Only the pictures should be left out; repeat the rest of the data exactly.

#### [Dataset extract]
—————

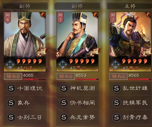 曹操 +【刮骨疗毒】+【兵无常势】:曹操的生存能力强无须担心,学习兵无常势的武将可奶自己,那刮骨疗毒大概率就会指向性的奶没有兵无的那个武将,通常是队伍的核心。
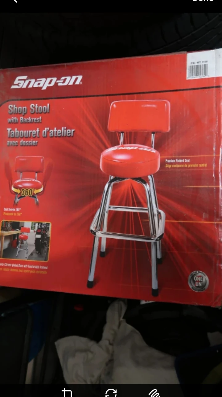 Selling a brand new Snap-on shop stool with backrest still in its original box! This stool features a premium padded seat and a 360-degree swivel. The box shows an image of the stool with a bright red seat and chrome frame. It's ready to assemble and add some style to your workspace
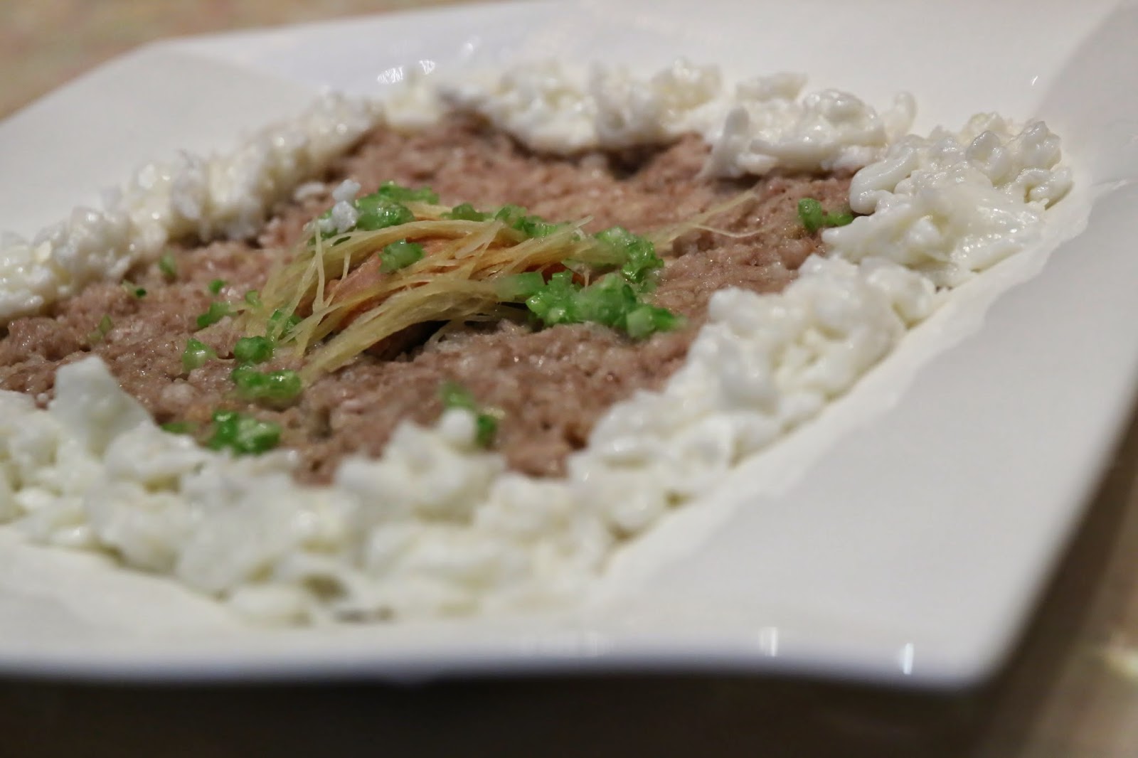 Poached fish mousse soup with bamboo piths and bean curd (竹笙魚圓) - the fish balls were very light and fluffy as I expected, and the tofu chiffonade (文思豆腐) is always a testament to the knife skills of the chef. Also came with bamboo piths, shredded ham and conpoy.

—————

#### [The completed task]
 曹操 +【刮骨疗毒】+【兵无常势】:曹操的生存能力强无须担心,学习兵无常势的武将可奶自己,那刮骨疗毒大概率就会指向性的奶没有兵无的那个武将,通常是队伍的核心。
 Selling a brand new Snap-on shop stool with backrest still in its original box! This stool features a premium padded seat and a 360-degree swivel. The box shows an image of the stool with a bright red seat and chrome frame. It's ready to assemble and add some style to your workspace
 Poached fish mousse soup with bamboo piths and bean curd (竹笙魚圓) - the fish balls were very light and fluffy as I expected, and the tofu chiffonade (文思豆腐) is always a testament to the knife skills of the chef. Also came with bamboo piths, shredded ham and conpoy.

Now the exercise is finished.